Penegakan hukum pada dasarnya dilakukan untuk menyerasikan nilai-nilai kepastian, keadilan, dan kemanfaatan hukum. Hanya saja penegakan hukum di Indonesia selama ini lebih didominasi oleh cara berpikir secara positivistik-legalistik. Artinya, penegakan hukum lebih dipandang sebagai proses penegakan aturan semata.
Hal tersebut dikemukakan Sekretaris Jenderal Mahkamah Konstitusi Janedri M Gaffar dalam kuliah umum “Peran Mahkamah Konstitusi dalam Penegakan Hukum” yang diselenggarakan oleh Fakultas Hukum (FH) Unnes, Sabtu (26/11) bertempat di gedung C7 Fakultas Ilmu Sosial (FIS) Unnes.
Di tengah situasi tersebut, Mahkamah Konstitusi (MK) hadir di Indonesia sebagai aktor baru untuk mengatasi proses penegakan hukum yang kering dan tidak jarang justru menimbulkan masalah baru. “Dalam kiprahnya selama delapan tahun ini, MK dinilai mampu membuktikan peran yang signifikan dalam proses penegakan hukum,” tandas Janedri.
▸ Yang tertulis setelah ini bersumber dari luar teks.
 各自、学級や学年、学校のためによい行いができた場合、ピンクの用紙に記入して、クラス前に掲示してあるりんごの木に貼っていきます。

Peradilan konstitusi merupakan fenomena baru dalam sistem ketatanegaraan di berbagai negara. Indonesia merupakan negara ke-78 yang membentuk MK sebagai lembaga dengan fungsi tersendiri dan secara struktur berada di luar Mahkamah Agung (MA). Mahkamah Konstitusi dibentuk sebagai bagian dari paket reformasi konstitusi seiring reformasi politik yang terjadi pasca berakhirnya rezim Orde Baru tahun 1998.
“Apabila ditelusuri, terdapat empat hal yang melatarbelakangi pembentukan MK sebagai perwujudan menguatnya spirit konstitusionalisme, yaitu sebagai implikasi konstitusionalisme, perwujudan mekanisme check and balances, dan penyelenggaraan negara yang bersih. Selain itu juga perlindungan HAM,” ujarnya.
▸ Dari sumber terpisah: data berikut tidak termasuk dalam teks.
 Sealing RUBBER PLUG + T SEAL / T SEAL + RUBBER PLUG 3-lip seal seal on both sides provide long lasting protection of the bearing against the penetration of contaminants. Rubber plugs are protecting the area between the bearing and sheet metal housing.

Wewenang MK telah dituangkan dalam pasal 7B dan pasal 24C Ayat 1 UUD 1945, yaitu menguji undang-undang terhadap UUD 1945, memutus sengketa kewenangan antar lembaga negara yang kewenangannya diberikan oleh UUD 1945, memutus pembubaran partai politik, dan memutus perselisihan tentang hasil pemilu. Selain itu berdasar Pasal 7B Ayat 1 sampai dengan Ayat 5 dan Pasal 24C Ayat 2 UUD 1945, kewajiban MK adalah memberi keputusan atas pendapat DPR, bahwa Presiden atau Wakil Presiden telah melakukan pelanggaran hukum, atau perbuatan tercela, atau tidak memenuhi syarat sebagaimana dimaksud dalam UUD 1945.
Berdasarkan ketentuan, MK sebagai lembaga peradilan memiliki ruang yang luas untuk membentuk hukum baru yang dirasa lebih adil melalui putusan-putusan yang tidak dikerangkeng oleh positivisme-legalisme hukum. “Bagi MK, penegakan hukum bukanlah penegakan yang sekedar mengeja undang-undang, melainkan untuk memenuhi kebutuhan hukum yang bersukmakan keadilan masyarakat,” kata Janedri.
A provocative inisght! Just what we need!